* DATASET EXCERPT *
====================
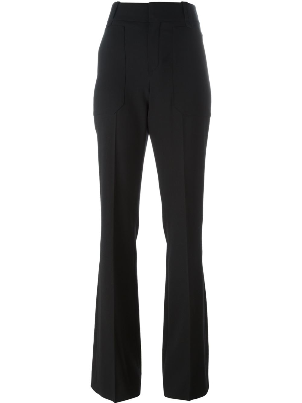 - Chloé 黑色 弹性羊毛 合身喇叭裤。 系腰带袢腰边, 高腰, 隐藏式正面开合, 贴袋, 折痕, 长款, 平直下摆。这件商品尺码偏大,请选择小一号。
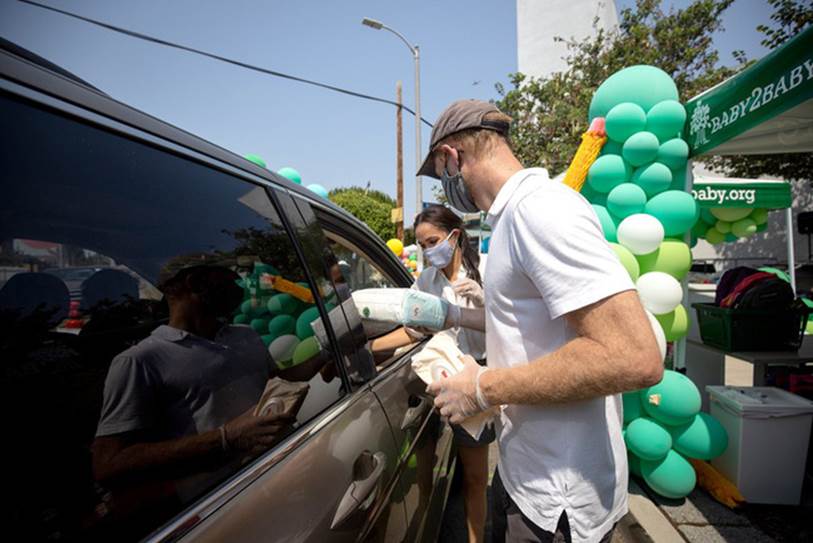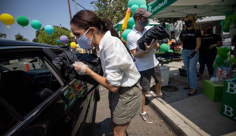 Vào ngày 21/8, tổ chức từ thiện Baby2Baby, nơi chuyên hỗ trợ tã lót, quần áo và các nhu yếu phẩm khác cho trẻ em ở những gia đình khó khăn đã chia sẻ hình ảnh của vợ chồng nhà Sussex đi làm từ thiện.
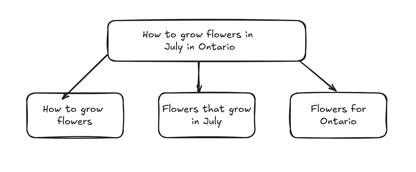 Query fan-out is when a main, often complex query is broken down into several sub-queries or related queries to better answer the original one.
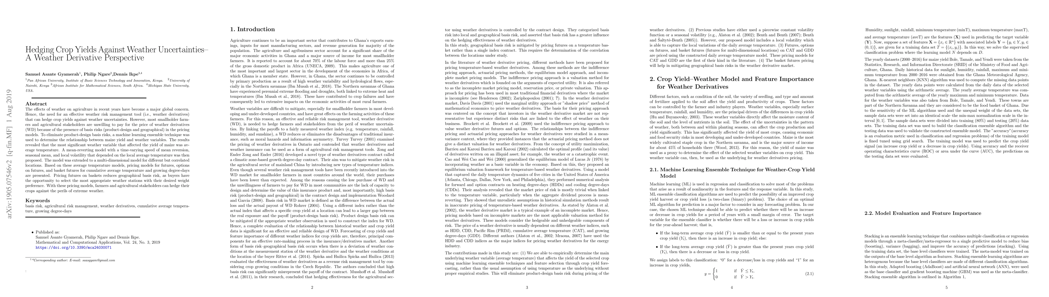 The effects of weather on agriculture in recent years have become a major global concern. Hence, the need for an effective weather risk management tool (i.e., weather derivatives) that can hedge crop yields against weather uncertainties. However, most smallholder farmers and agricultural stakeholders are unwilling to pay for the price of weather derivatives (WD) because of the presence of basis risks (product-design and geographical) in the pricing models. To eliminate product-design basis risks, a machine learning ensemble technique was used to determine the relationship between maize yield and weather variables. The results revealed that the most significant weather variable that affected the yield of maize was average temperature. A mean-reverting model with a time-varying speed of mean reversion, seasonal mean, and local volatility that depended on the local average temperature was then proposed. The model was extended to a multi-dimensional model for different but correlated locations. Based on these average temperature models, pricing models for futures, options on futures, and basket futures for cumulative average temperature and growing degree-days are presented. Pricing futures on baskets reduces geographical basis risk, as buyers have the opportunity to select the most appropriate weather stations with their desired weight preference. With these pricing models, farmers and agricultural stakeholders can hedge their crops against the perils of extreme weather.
====================
* PROBLEM STATEMENT *
Restate exactly, please, only the lines between the start of the data and the line containing "Query fan-out is", both ends included, skipping the pictures.

* REPLY *
 - Chloé 黑色 弹性羊毛 合身喇叭裤。 系腰带袢腰边, 高腰, 隐藏式正面开合, 贴袋, 折痕, 长款, 平直下摆。这件商品尺码偏大,请选择小一号。
 Vào ngày 21/8, tổ chức từ thiện Baby2Baby, nơi chuyên hỗ trợ tã lót, quần áo và các nhu yếu phẩm khác cho trẻ em ở những gia đình khó khăn đã chia sẻ hình ảnh của vợ chồng nhà Sussex đi làm từ thiện.
 Query fan-out is when a main, often complex query is broken down into several sub-queries or related queries to better answer the original one.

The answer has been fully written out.